Data excerpts:
****************************************
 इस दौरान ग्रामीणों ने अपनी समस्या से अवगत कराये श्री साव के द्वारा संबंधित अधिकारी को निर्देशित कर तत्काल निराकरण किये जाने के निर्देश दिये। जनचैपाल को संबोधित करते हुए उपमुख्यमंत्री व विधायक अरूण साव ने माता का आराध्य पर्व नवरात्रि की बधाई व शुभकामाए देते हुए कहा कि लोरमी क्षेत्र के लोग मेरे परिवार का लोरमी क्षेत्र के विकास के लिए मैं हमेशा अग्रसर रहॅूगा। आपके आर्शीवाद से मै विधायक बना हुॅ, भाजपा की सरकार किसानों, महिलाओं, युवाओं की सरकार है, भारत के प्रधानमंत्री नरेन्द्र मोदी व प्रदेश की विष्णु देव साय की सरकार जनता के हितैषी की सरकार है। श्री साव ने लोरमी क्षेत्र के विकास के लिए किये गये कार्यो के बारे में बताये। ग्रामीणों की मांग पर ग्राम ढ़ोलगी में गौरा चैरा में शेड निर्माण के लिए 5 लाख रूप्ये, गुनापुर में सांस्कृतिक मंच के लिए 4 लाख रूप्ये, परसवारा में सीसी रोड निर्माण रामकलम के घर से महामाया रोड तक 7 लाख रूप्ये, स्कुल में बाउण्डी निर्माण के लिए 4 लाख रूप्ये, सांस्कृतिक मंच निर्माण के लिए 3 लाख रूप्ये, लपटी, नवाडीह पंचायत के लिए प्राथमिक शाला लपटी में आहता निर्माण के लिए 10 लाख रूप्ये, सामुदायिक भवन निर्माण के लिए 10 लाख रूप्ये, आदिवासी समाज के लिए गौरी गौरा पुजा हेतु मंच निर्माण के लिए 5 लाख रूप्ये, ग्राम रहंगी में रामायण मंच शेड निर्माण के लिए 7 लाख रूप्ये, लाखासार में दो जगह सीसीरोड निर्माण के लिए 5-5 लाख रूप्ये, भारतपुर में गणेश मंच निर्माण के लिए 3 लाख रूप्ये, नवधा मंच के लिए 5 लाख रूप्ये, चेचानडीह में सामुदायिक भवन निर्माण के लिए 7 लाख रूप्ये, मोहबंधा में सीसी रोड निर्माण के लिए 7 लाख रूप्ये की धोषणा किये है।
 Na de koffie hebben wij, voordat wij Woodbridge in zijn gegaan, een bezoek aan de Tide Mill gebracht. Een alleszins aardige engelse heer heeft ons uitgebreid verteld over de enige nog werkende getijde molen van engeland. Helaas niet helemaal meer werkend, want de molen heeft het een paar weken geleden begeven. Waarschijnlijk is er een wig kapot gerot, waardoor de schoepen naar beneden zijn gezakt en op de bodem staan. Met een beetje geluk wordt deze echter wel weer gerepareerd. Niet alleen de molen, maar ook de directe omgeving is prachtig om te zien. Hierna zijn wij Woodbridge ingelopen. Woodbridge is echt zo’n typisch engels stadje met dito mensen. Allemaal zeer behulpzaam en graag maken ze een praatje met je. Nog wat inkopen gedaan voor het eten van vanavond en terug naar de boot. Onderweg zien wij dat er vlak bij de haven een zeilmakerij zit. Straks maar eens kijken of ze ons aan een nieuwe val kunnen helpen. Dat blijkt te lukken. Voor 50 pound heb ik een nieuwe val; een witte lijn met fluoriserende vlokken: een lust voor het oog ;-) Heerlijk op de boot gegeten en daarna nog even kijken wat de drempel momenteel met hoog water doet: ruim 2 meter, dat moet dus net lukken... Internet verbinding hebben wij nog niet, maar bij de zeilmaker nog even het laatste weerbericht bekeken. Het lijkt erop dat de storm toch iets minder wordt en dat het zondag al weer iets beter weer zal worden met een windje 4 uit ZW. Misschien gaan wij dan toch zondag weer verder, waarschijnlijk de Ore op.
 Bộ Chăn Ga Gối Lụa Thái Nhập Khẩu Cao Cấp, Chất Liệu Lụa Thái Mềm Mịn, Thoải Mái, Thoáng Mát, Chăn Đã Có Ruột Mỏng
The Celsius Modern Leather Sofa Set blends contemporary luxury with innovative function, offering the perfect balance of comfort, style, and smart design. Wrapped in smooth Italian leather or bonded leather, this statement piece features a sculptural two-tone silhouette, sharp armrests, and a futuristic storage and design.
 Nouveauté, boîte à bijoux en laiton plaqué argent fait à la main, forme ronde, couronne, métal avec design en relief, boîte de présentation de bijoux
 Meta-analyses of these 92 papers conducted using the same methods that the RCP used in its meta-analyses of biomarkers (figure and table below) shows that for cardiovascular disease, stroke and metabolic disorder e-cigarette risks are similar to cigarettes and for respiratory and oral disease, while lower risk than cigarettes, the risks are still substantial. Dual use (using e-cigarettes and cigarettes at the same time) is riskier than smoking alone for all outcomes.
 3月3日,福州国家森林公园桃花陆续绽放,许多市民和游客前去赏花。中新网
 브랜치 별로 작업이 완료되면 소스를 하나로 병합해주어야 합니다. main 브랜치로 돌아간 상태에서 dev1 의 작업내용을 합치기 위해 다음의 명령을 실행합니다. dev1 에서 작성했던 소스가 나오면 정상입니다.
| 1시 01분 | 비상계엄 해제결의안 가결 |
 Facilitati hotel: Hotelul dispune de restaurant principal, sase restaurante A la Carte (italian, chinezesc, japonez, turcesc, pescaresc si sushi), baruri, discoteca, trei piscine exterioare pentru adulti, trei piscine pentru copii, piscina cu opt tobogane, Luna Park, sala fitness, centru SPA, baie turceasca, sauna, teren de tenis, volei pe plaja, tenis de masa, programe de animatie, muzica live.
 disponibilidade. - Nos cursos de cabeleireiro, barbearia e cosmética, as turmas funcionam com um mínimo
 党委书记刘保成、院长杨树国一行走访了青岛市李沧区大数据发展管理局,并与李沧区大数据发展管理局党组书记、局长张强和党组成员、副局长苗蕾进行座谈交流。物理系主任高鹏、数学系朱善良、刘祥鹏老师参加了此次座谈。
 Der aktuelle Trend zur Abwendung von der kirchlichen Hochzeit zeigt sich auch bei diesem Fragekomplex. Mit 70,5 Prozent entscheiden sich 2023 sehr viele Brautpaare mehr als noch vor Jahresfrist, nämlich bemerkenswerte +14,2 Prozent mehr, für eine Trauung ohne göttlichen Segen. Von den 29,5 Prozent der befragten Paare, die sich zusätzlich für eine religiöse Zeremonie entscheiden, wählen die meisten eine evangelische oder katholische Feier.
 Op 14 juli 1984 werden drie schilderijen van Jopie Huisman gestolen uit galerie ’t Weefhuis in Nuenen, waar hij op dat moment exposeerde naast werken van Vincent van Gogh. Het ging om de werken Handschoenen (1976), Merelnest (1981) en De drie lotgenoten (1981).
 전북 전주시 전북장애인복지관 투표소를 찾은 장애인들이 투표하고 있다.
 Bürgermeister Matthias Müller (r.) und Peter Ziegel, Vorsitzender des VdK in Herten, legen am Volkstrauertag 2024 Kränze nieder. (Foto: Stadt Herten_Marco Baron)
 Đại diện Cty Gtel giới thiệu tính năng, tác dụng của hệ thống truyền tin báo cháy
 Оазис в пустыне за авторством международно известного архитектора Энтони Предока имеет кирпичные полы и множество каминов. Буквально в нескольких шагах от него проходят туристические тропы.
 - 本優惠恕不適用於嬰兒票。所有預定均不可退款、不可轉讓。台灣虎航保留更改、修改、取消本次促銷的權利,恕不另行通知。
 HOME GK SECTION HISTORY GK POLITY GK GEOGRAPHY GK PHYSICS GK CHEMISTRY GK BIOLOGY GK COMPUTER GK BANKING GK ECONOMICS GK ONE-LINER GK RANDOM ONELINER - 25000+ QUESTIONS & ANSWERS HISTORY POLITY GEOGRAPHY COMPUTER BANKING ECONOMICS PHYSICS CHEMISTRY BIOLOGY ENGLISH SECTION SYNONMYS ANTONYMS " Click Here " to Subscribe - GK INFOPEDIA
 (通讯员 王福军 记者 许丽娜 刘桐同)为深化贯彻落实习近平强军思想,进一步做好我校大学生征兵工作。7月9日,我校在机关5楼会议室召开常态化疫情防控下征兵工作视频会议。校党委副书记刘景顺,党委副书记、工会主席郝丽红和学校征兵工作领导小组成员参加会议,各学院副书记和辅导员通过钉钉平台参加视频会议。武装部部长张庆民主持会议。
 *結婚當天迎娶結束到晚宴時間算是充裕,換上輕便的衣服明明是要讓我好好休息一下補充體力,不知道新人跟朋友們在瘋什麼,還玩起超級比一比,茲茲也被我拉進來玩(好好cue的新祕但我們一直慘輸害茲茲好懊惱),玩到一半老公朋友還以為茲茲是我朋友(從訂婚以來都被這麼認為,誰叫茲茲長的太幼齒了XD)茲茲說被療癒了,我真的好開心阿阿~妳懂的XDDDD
****************************************
Would you print exactly, and only, the lines of the data above from the line with "전북 전주시 전북장애인복지관 투표소를 찾은 장애인들이 투표하고 있다." through the line with "Bürgermeister Matthias Müller", inclusive?

*Solution to this problem:*
 전북 전주시 전북장애인복지관 투표소를 찾은 장애인들이 투표하고 있다.
 Bürgermeister Matthias Müller (r.) und Peter Ziegel, Vorsitzender des VdK in Herten, legen am Volkstrauertag 2024 Kränze nieder. (Foto: Stadt Herten_Marco Baron)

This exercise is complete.